Under normal circumstances, the Americans and British would have had their positions adapted in the text, somehow, since they are key political backers and funders of Kigali. But unable to do so, Washington and London, opted for the highway; write their Positions for the public record. The UN resolution passed anyway. However, it will always be accompanied by the two letters of the UK and US.
Speaking today, and sounding clearly unamused, President Kagame addressed the issue for the first time. He said those countries refusing to use ‘genocide against the Tutsi’ were the same ones that speak about the human rights situation in Rwanda.
He said: “It is interesting how history repeats itself. We have almost gone full circle from 1994 to now. We have a repetition of questioning words and definitions and all kinds of things.”
“It is as though this simple recognition of what the word should be would be a reward bestowed on Rwandans in exchange for ‘good behaviour’. In their view, you behave in the way they want you to behave, then they will give you a gift, a reward of recognising what it is. What a shame. But we cannot respond to blackmail on such matters of principle.”
Kagame said this behavior by these “one or two countries” to go against the global narrative, was giving legitimacy to genocide deniers. Particularly, Kagame, in conciliatory language, said some in the diaspora had jumped to the opportunity to continue promoting the double genocide narrative.

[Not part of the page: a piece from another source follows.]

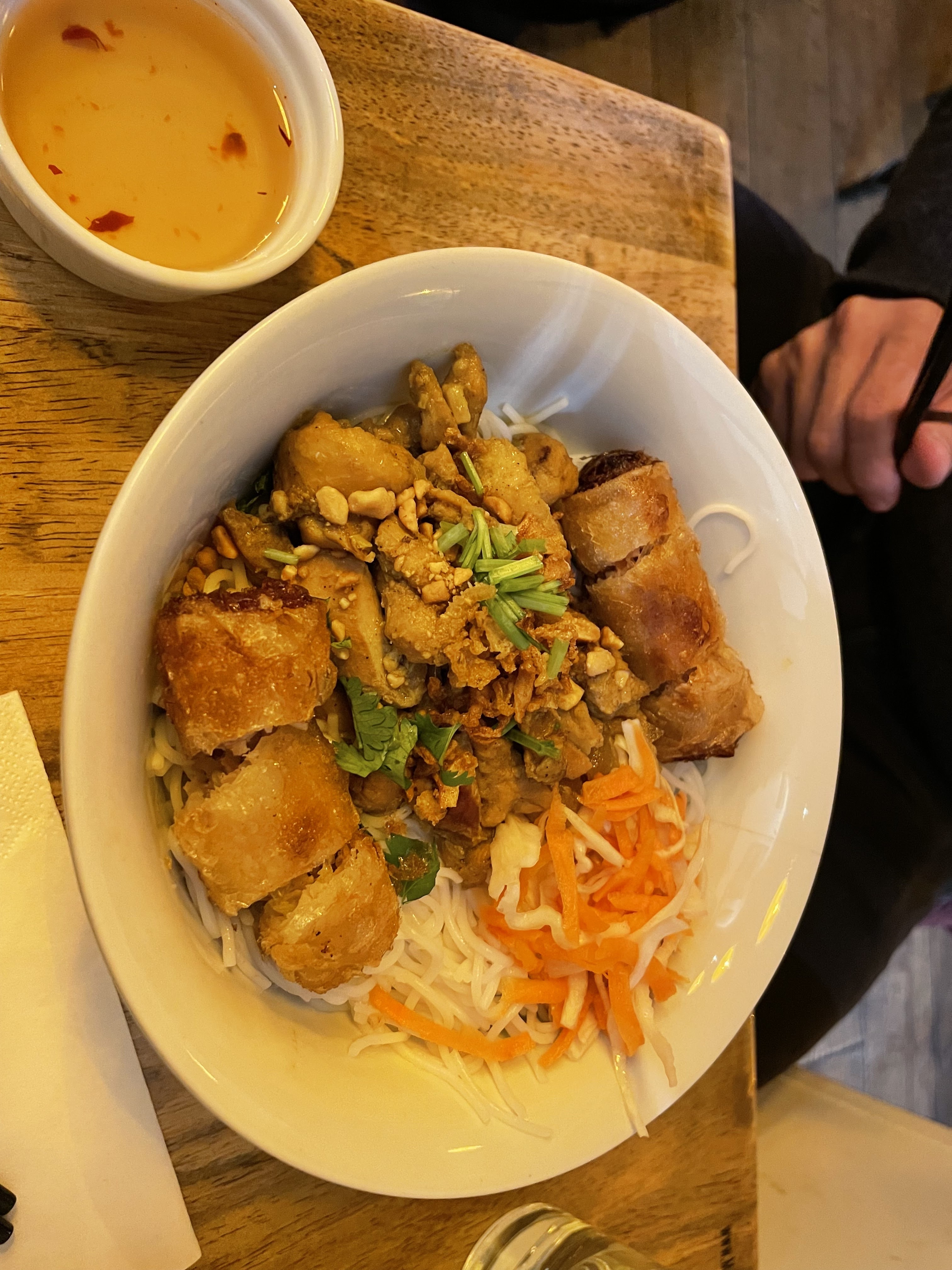 Je voulais quelque chose de rapide et bon pour le midi, c'est plutôt réussi. En 40/45 minutes c'était plié. 12,70 € pour le menu du midi (entré, plat et dessert) ça me semble convenable. Même si c'était bon j'ai trouvé que les portions devaient être un peu plus généreuses, si bien que j'avais encore un peu faim en sortant Le rouleau de printemps était petit et ne comportait qu'une seule crevette découpée en fine lamelle. Rien à dire pour le bobun et la perle coco 🥥. C'est bon. Le restaurant est très petit et par conséquent vite rempli et bruyant. Donc à éviter si vous cherchez un endroit au calme Pour résumer, c'est parfait quand on a peu de temps le midi.

Though he didn’t name them in particular, Kagame was referring to JAMBO ASBL, a platform founded by young Rwandan exiles. According to existing information, the parents of some of the members, have been convicted by a UN court for their involvement in the genocide against Tutsis.
For their part though, JAMBO ASBL members, with recent support from other groups, have fashioned themselves as political activists. They say they are only being targeted due to their opposition to the government of President Kagame.
In his speech, Kagame said: “Unfortunately, a new generation of Rwandans in the diaspora —and this is really a small group — who have no personal responsibility for what happened in 1994, draw on these accounts to repackage genocide ideology as a critique of governance and human rights. And they are picking it from [US-UK positions] or being supported by that.”
“For us in Rwanda, we are not being held back. We move forward.”
“There is no difference so big that a hand extended in good faith will not be reciprocated. That is how we Rwandans are, who our history has made us. But the currency of forgiveness is truth. We cannot get tired of talking about the realities we have lived.”
The US and UK, both are the biggest bilateral donors for government of Rwanda. Both have recently issued heavily negative statements condemning what the say is poor rights situation in Rwanda – prompting expected celebration in the exiled opposition.
In the same speech today, Kagame also strongly condemned countries he didn’t name, for repeatedly sending official messages of commemoration of the genocide which were also packaged with lectures about human rights.
He said: “So I took time and wrote a back and just made one simple request. I said, you know, this day, the 7th of April, is a commemoration day. And it’s just one day in the 365 days of the year. Just one.”
“So I asked them, can’t you spare us just this one day? And for the remaining number of days, 364, you can write anything you want. You can abuse us, insult us anyway you want for the rest the year. But spare us this one.”
“Fortunately I think they got the message, it hasn’t happened again, but there are others who don’t learn and maybe their statements are on the way saying the same things. But we really have space to accommodate that as well.”